LinkedIn is seeking a Staff Software Engineer to join their AI Platform team, focusing on scaling large model training and serving infrastructure. The role involves working with cutting-edge AI technologies including LLMs, recommendation systems, and computer vision models. The team is responsible for optimizing performance across algorithms, frameworks, and hardware, managing thousands of GPU cards.
The position spans multiple critical areas: Model Training Infrastructure, where you'll build next-gen training systems for AI use cases, work with popular libraries like Huggingface and PyTorch, and enable distributed training for massive models. Feature Engineering, where you'll develop the Feature Platform handling millions of QPS and terabytes of data. Model Serving Infrastructure, focusing on low-latency applications serving large complex models.
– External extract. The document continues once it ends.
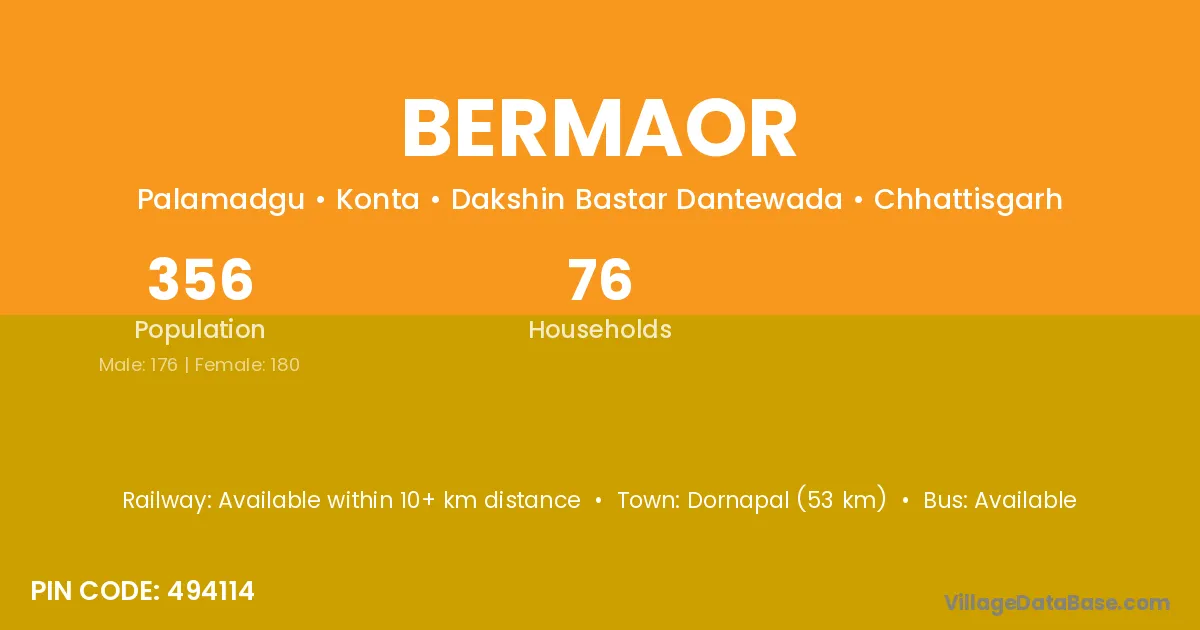 Dornapal (53 km) is the nearest town to Bermaor village for major economic activities and is located approximately 53 km away.

And MLOps, covering metadata, observability, orchestration, and experimentation systems.
This is an opportunity to advance one of the world's most scalable AI platforms while working with talented researchers and engineers. The role offers significant technical challenges in distributed systems, deep learning optimization, and large-scale data processing. You'll have the chance to influence open-source projects and define the future of AI infrastructure at LinkedIn.
The position combines technical leadership with hands-on engineering, requiring both strategic thinking and deep technical expertise. You'll mentor other engineers while staying close to cutting-edge AI developments. The hybrid work environment offers flexibility while maintaining strong team collaboration and culture.